Pepper Money specialises in borrowers with impaired credit histories. If you have satisfied or unsatisfied CCJs, historic defaults, missed mortgage or unsecured credit payments, or have previously entered a debt management plan, Pepper Money may still consider your application where other lenders would not.
The lender uses a tiered pricing model, meaning the rate you receive reflects the severity and recency of any adverse credit. More recent or more serious adverse credit will attract a higher rate, while older issues that have since been resolved may qualify for a more competitive tier.
Pepper Money primarily lends on residential properties used as the main residence, and applications are assessed on the strength of the overall case including income, property value and equity. Maximum age at the end of the loan term is typically 70 to 75, though this can vary by product.

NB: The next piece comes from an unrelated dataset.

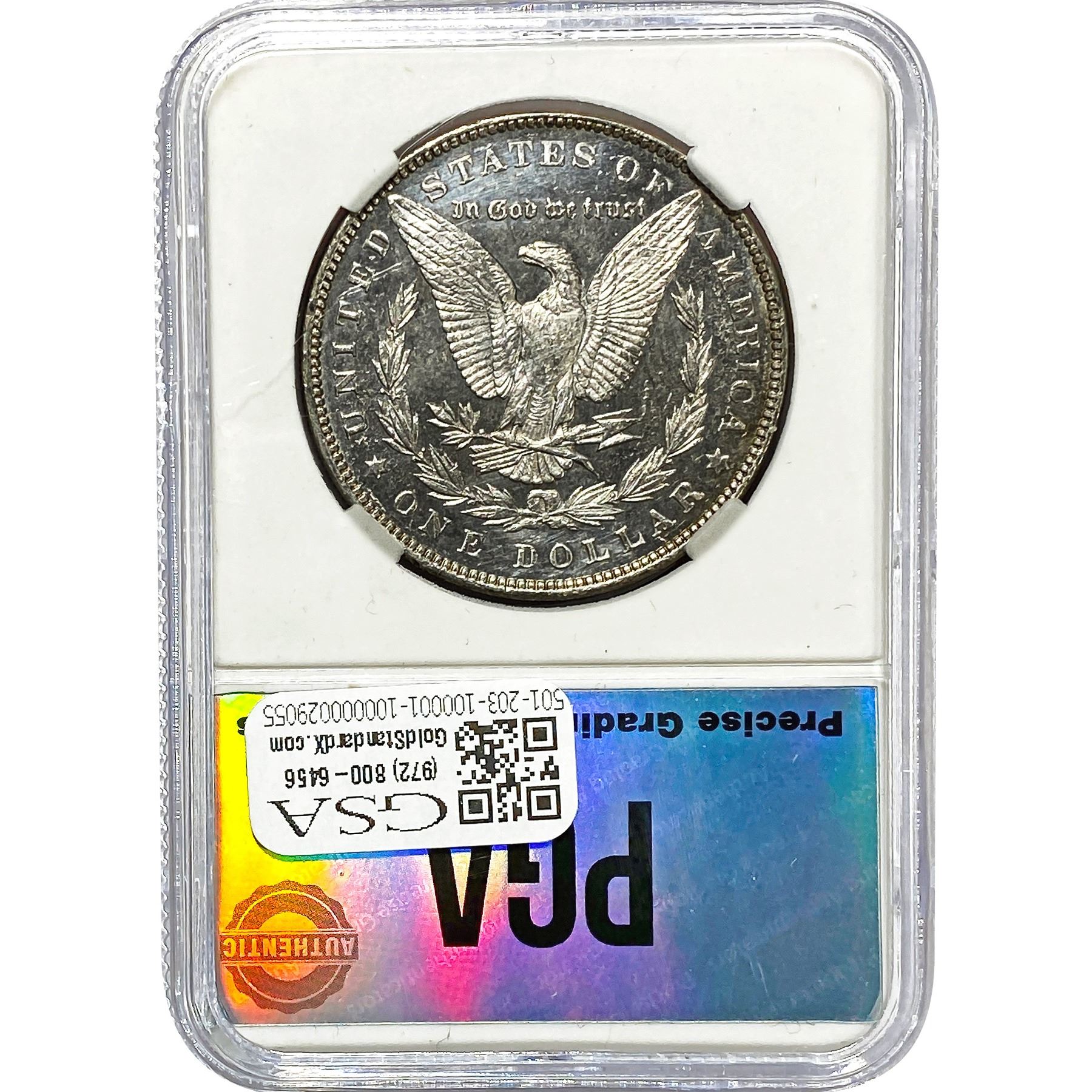 e. Coins sold referencing a third-party grading service are sold “AS IS” without any express or implied warranty, except for a guarantee by GSA that they are genuine. Removal or alteration of the holder, voids all of Bidder’s claims concerning that Product. Certain warranties may be available from the grading services and Bidders are referred to them for further details: Numismatic Guaranty Corporation (NGC), PO Box 4776, Sarasota, FL 34230, www.ngccoin.com/services/writtenguarantee.asp; Professional Coin Grading Services (PCGS), PO Box 9458, Newport Beach, CA 92658, www.pcgs.com/guarantee.html; ANACS, 6555 S. Kenton St., Ste. 303, Englewood, CO 80111; and Independent Coin Grading Co. (ICG), 7901 East Bellview, Ave., Suite 50, Englewood, CO 80111.

Because Pepper Money is a specialist lender, their products are not always the cheapest on the market for borrowers with clean credit. However, for those with adverse credit who need to release equity or consolidate debt, Pepper Money often represents one of the more accessible and competitively priced specialist options available.
Pepper Money Secured Loan Rates
Pepper Money secured loan rates are risk-based, meaning they vary according to the credit profile of the borrower, the loan-to-value ratio and the size and term of the loan. Indicative rate ranges tend to fall between approximately 8% and 18% per annum, with the most competitive rates available to borrowers with lighter adverse credit and lower LTV ratios.
As a second charge mortgage, the total cost of credit will include interest charges, any arrangement or broker fees, and the ongoing monthly repayments. A qualified broker can produce an illustration showing the full cost of borrowing before you proceed, and it is important to compare the total amount repayable rather than just the headline rate.
Pepper Money's rates are fixed or variable depending on the product selected. Fixed rate products offer repayment certainty over the initial period, while variable rate products may start lower but can change in line with movements in the underlying reference rate. Your broker will be able to advise which structure best suits your circumstances.